Khaos uses chaos engineering principles to test how your AI agents behave under real-world failure conditions. By injecting faults at the SDK level, Khaos creates production-realistic failures that reveal how your agent handles errors, timeouts, and edge cases.

How Fault Injection Works

Khaos injects faults by patching the SDKs your agent uses—OpenAI, Anthropic, httpx, requests, and MCP clients. This means faults are indistinguishable from real production failures:

  • Production-realistic exceptions — Exact error codes, headers, and message structures
  • SDK-level interception — No mocking; your actual error handling code is tested
  • Probabilistic or deterministic — Random injection for stress testing, or scheduled for reproducibility
  • Automatic capability detection — Faults only apply to capabilities your agent actually uses
Zero-code instrumentation
Fault injection is automatic. You don't need to modify your agent code—Khaos patches the underlying SDKs at runtime via environment variables.

Fault Categories

Khaos ships with 21 built-in fault types across 6 categories. Each fault creates the exact exception your agent would see in production.

LLM Provider Faults

Simulate failures from OpenAI, Anthropic, and other LLM providers. These faults match the exact HTTP status codes, Retry-After headers, and error structures returned by real APIs.

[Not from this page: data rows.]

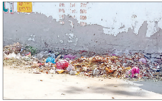
नारनौल। गवर्नमेंट गर्ल्स सीनियर सेकेंडरी की दीवार के साथ पड़ी गंदगी।

नियमित रूप से कूड़ा उठाने का दावा करने वाली नगर परिषद की व्यवस्था त्योहार के दौरान पूरी तरह से फेल हो गई है। लोगों ने बताया कि कई बार शिकायत करने के बावजूद भी कूड़ा उठाने के लिए कोई वाहन
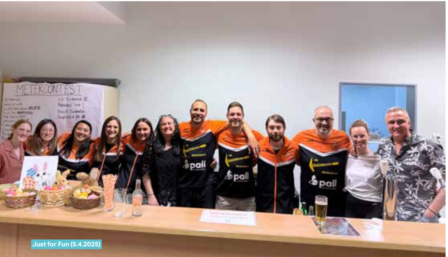
Just for Fun (5.4.2025)

gefollegt vum Spilldag den 22. Mäerz zu Hesper. D'Championnat gött de 17. Mee zu Useldeng an der Hal ofgeschloss. Kommt roueg laanscht, kuckt Iech flott Matcher un a léiert eisen dynamesche Sport kennen!
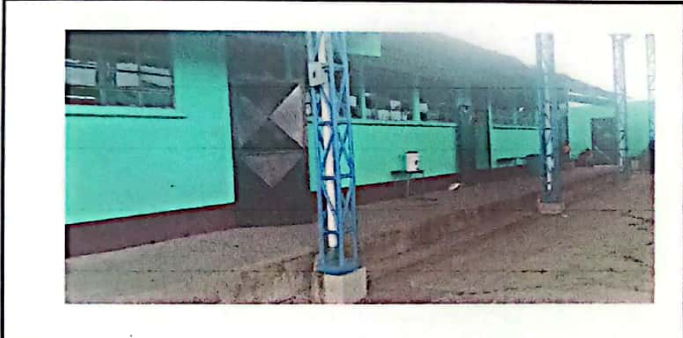
Foto 3: pintura en paredes interiores y exteriores de los tres módulos.
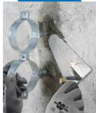
Montaż uchwyty do rur przy użyciu Lampocem

FaultDescriptionReal-World Scenario
llm_rate_limit429 rate limit with Retry-After headerAPI quota exceeded during peak usage
llm_model_unavailable404 model not found errorModel deprecated or access revoked
llm_response_timeoutAPITimeoutError exceptionNetwork issues or overloaded API
llm_token_quota_exceeded429 quota exhaustion errorMonthly token limit reached
model_fallback_forcedSilent model substitutionPrimary model unavailable, tests fallback behavior
YAML
# LLM fault configuration
faults:
  - type: llm_rate_limit
    config:
      retry_after_ms: 30000    # Retry-After header value
      probability: 0.2          # 20% of LLM calls affected

HTTP/Network Faults

Test how your agent handles network-level failures affecting any HTTP calls—API requests, webhooks, external services.

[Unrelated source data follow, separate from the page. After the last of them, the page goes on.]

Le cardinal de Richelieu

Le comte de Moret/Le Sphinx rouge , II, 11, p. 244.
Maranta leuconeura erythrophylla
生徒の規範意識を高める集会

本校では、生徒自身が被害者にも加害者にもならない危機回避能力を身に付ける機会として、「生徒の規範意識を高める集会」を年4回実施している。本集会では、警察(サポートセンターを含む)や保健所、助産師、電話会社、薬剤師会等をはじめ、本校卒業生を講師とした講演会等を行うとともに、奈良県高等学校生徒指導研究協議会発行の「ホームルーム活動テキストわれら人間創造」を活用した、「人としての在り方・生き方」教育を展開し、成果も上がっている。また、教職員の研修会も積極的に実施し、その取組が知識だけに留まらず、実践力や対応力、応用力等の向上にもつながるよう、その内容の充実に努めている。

FaultDescriptionReal-World Scenario
http_latencyAdd configurable delay to requestsSlow network, congested APIs
http_errorReturn HTTP error codes (4xx, 5xx)Service outages, authorization failures
timeoutRequest timeout before responseNetwork partition, unresponsive server
malformed_payloadInvalid JSON, truncated, or garbage responsesProxy errors, encoding issues
YAML
# HTTP fault configuration
faults:
  - type: http_latency
    config:
      delay_ms: 2000            # 2 second delay
      jitter_ms: 500            # ±500ms random jitter
      probability: 0.3          # 30% of requests

  - type: http_error
    config:
      status_code: 503          # Service Unavailable
      probability: 0.1          # 10% of requests

Tool/Function Call Faults

When your agent uses tools (function calling), these faults test error handling at the tool execution layer.

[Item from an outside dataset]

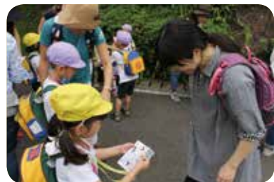
色々な文字を探すよ！
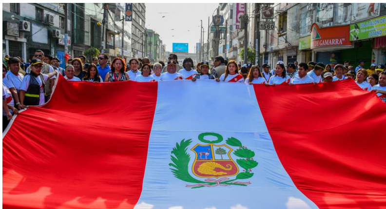
Figura 1. La bandera blanquirroja

FaultDescriptionReal-World Scenario
tool_call_failureTool execution fails with errorExternal API down, permission denied
tool_response_corruptionTool returns malformed dataSchema changes, encoding errors
tool_latency_spikeTool response significantly delayedSlow database, network congestion
tool_output_injectionInject attack payload into tool outputCompromised tool, indirect prompt injection

MCP (Model Context Protocol) Faults

For agents using MCP servers, these faults test the MCP protocol layer specifically.

FaultDescriptionReal-World Scenario
mcp_tool_latencyAdd delay to MCP tool callsSlow MCP server, network issues
mcp_tool_failureMCP tool execution errorsServer-side tool failures
mcp_tool_corruptionCorrupted MCP tool responsesProtocol errors, serialization bugs
mcp_server_unavailableMCP server connection refusedServer crash, deployment issues

RAG/Retrieval Faults

Test how your agent handles failures in retrieval-augmented generation pipelines.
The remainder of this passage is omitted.